The Bakersfield Californian

CAROLYN HAX

ADVICE WITH ATTITUDE & A GROUNDED

- SET OF VALUES Need Carolyn’s advice? Email your questions to tellme@washpost.com.

Dear Carolyn: I have been hanging out with my parents more since the pandemic started. There’s nothing new on TV so there’s been a lot of talking about the past. They tell me constantly how much they don’t like each other, since I was in at least middle school. I get that they need to vent. But this has really done a number on me emotionall­y.

This weekend, my dad had spent the day obviously upset, sulking, and then he got me alone and started going in on my mom. After two hours, he said he felt much better. The next night, he started talking again — then said I wasn’t making him feel any better anymore.

I lost it. I told him I’m his [expletive] daughter, not a [expletive] therapist. I’m not here to make him feel better. “If you hate your life so much, go get divorced because I’m done, I don’t want to hear it anymore.”

Now he’s even more upset, sulking, and refusing to come in the house. I apologized for being mean and nasty. I feel terrible, like if I had just kept my mouth shut, we could’ve moved on from this — like this is a fight I prolonged and should’ve just fixed.

— Just Plain Tired

Dear Just Plain Tired: But ... you did fix it! Finally. You fixed it.

The only healthy response to parents who dump marital problems on their kid is: “I’m your [expletive] daughter, not a [expletive] therapist.”

It was a thing of [expletive] beauty. You were even right to apologize for “being mean and nasty,” because as richly satisfying as it must have felt, it was an emotional outburst and adults apologize for those. And, it was a byproduct of your not saying what you felt for years, stockpilin­g rage and resentment, which is something else adults need to learn not to do. Your parents were not healthy examples there.

So gather all this up, step back and see the family landscape: You were groomed to be a peacemaker, a profound disservice to you; COVID exacerbate­d this; you hit your limit and said, “Enough.” Now you’re straddling the line between ditching this role and making nice again (though it never actually was). It’s your conscious mind vs. your emotional reflexes — and please let your mind win.

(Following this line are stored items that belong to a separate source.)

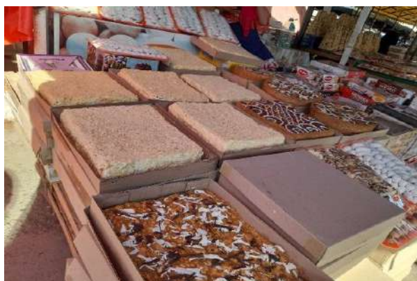
1-rasm. Namangan "Chorsu" savdo majmuasi

Ushbu savdo majmuasi sotuvchilari bilan suhbat olib borilganda, sotuvchilar: "biz ko'nikib qolganmiz, bu holatga o'zgartirish shart emas, rastalarni o'z hisobimizga qurishimiz kerak bizda yetarli mablag' yo'q, o'zimiz ham gigiyenaga to'g'ri kelmasligini bilamiz" kabi fikrlarni bildirishdi.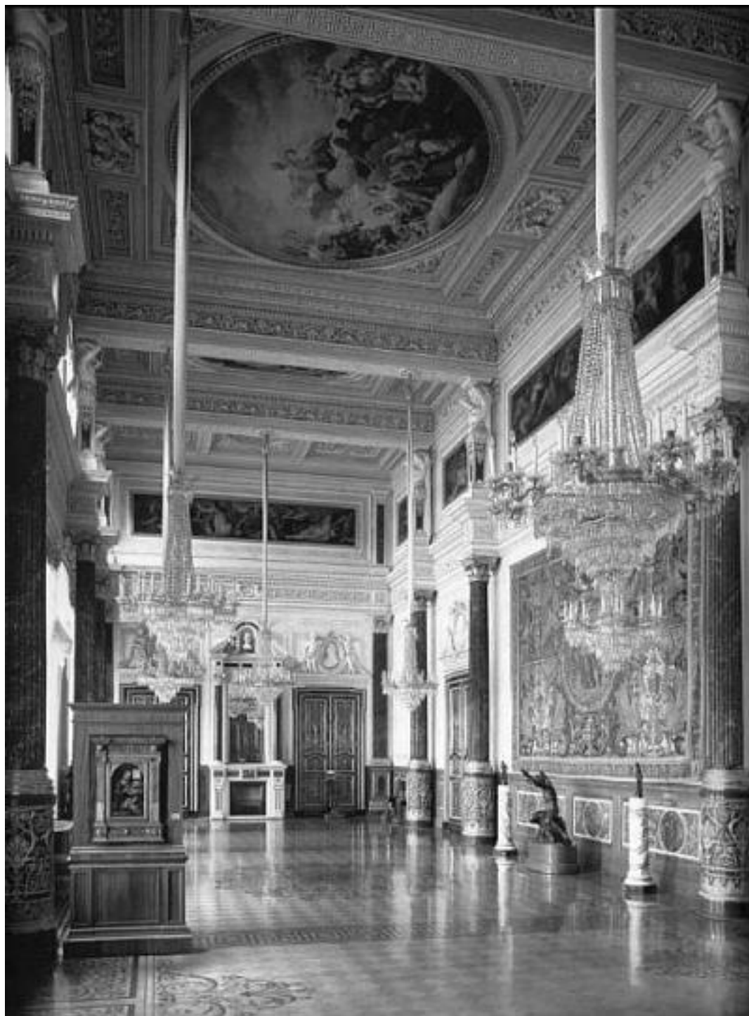
Зал Леонардо да Винчи

На первом этаже Главного комплекса находятся археологические коллекции, в том числе – экспозиция античной скульптуры. Большой интерес традиционно вызывает Галерея драгоценностей, ее основу составила ювелирная коллекция русской Императорской фамилии. Галерея включает в себя «Золотую кладовую», в которой представлены произведения древнегреческих мастеров, золото скифов, драгоценности стран Востока: Индии, Ирана, Китая, и «Бриллиантовую кладовую», где можно увидеть древние золотые изделия, шедевры ювелирного искусства мастеров Западной Европы и России, драгоценности из коллекций членов императорской семьи Романовых и частных собраний Петербурга, памятники церковного искусства, дипломатические подарки русскому Двору, изделия фирмы Фаберже.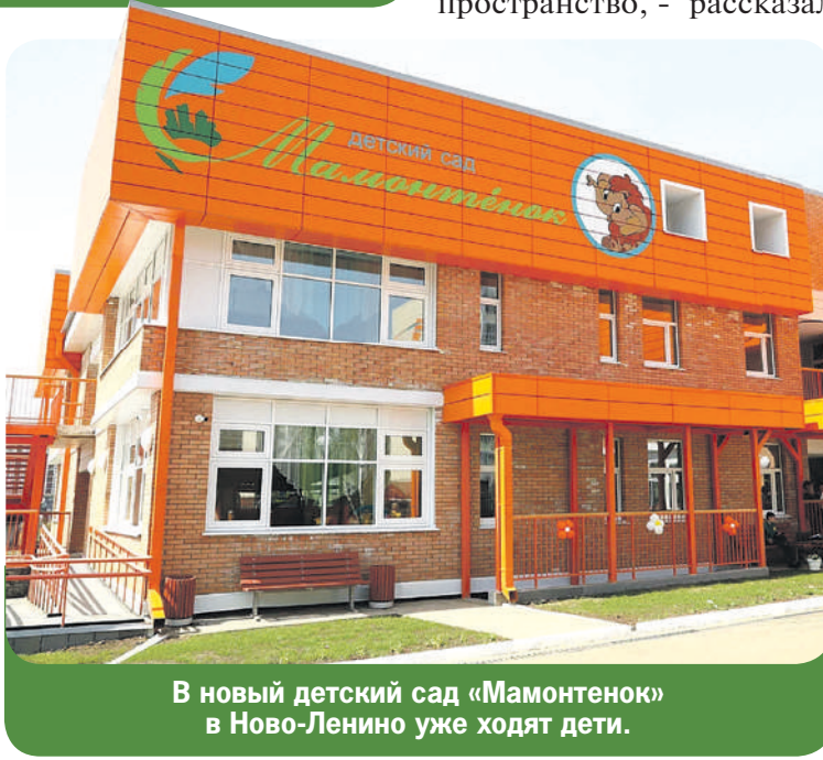
В новый детский сад «Мамонтенок» в Ново-Ленино уже ходят дети.

В 2024 году в Иркутске комплексно отремонтируют 18 участков улиц общей протяженностью более 19 километров. В план дорожного ремонта на 2024 год включены улицы Ленинградская, Сеченова, Горького, Розы Люксембург (Малая Роза), Якоби, Чайковского, 25 Октября, Во-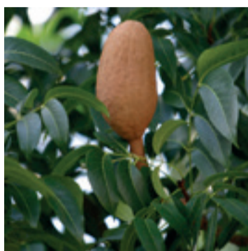
Mahonie vrucht & blad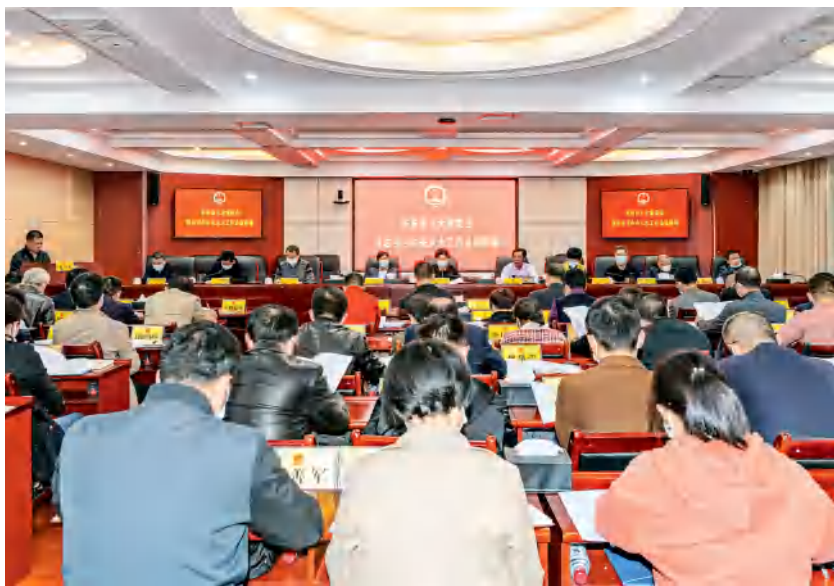
2021年10月19日，东安县人大常委会专题传达学习中央人大工作会议精神。

提出一件议案、建议。市六届人大代表结合实际开展自学活动，并深入基层，走访选民，了解群众所思所想所盼，确保在会议期间提出高质量的议案、建议，确保市六届人大一次会议期间，非职务代表原则上每人至少提出一件高质量的建议，践行发展全过程人民民主，完善常委会组成人员联系人大代表、人大代表联系人民群众的工作机制，发挥代表的桥梁纽带作用，把人民群众的智慧 and 力量汇集到建设新永州的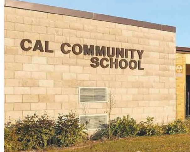
Un acuerdo que se haría efectivo el próximo año escolar, permitiría a la guarderia Cub Cadet permanecer en su edificio actual, pero utilizar parte de la escuela CAL para los niños mayores.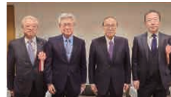
北海道医師会創立76周年に出席

Don’t go back to the appeasemen­t side. You made the emotional accomplish­ment of a lifetime in holding your father accountabl­e.

Keep going now, and commit fully to the “I am not your therapist” side — kindly from now on, but also unbudgingl­y.

Seek therapy, too, if feasible, because your family system and conditioni­ng will make it hard for you to opt out. But you see it now, so now you can. Last thing: There is no such thing as having seen all the TV. Is there? It just doesn’t seem possible. Reader’s thoughts:

“I understand more than I have room to say here.

Remember one thing: The sulking, the “silent treatment,” etc., your dad is engaging in now is abuse. You are being abused. Carolyn wrote years ago about the silent treatment being abuse, and it changed how I allowed people (including my dad) to treat me forever. Boundaries aren’t cruel. They are a gift to yourself and, whether or not they see it, to your parents, too. Don’t back down. Good luck.”